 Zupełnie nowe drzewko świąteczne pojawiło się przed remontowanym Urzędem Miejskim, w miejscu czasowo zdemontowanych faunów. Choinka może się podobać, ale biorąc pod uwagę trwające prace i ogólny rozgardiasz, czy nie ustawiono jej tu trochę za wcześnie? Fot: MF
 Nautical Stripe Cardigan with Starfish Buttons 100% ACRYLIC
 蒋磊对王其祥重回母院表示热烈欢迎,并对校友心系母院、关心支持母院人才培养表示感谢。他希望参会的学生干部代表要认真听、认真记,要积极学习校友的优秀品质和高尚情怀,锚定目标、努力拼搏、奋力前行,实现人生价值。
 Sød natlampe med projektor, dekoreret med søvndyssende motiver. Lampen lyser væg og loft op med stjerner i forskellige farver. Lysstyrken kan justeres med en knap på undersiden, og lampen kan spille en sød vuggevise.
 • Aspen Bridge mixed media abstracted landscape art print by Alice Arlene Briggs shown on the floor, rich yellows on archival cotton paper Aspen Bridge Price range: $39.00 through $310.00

|---|

From the entries above, extract only the lines running from the one containing "Nautical Stripe Cardigan" through the one containing "Sød natlampe med", inclusive.

 Nautical Stripe Cardigan with Starfish Buttons 100% ACRYLIC
 蒋磊对王其祥重回母院表示热烈欢迎,并对校友心系母院、关心支持母院人才培养表示感谢。他希望参会的学生干部代表要认真听、认真记,要积极学习校友的优秀品质和高尚情怀,锚定目标、努力拼搏、奋力前行,实现人生价值。
 Sød natlampe med projektor, dekoreret med søvndyssende motiver. Lampen lyser væg og loft op med stjerner i forskellige farver. Lysstyrken kan justeres med en knap på undersiden, og lampen kan spille en sød vuggevise.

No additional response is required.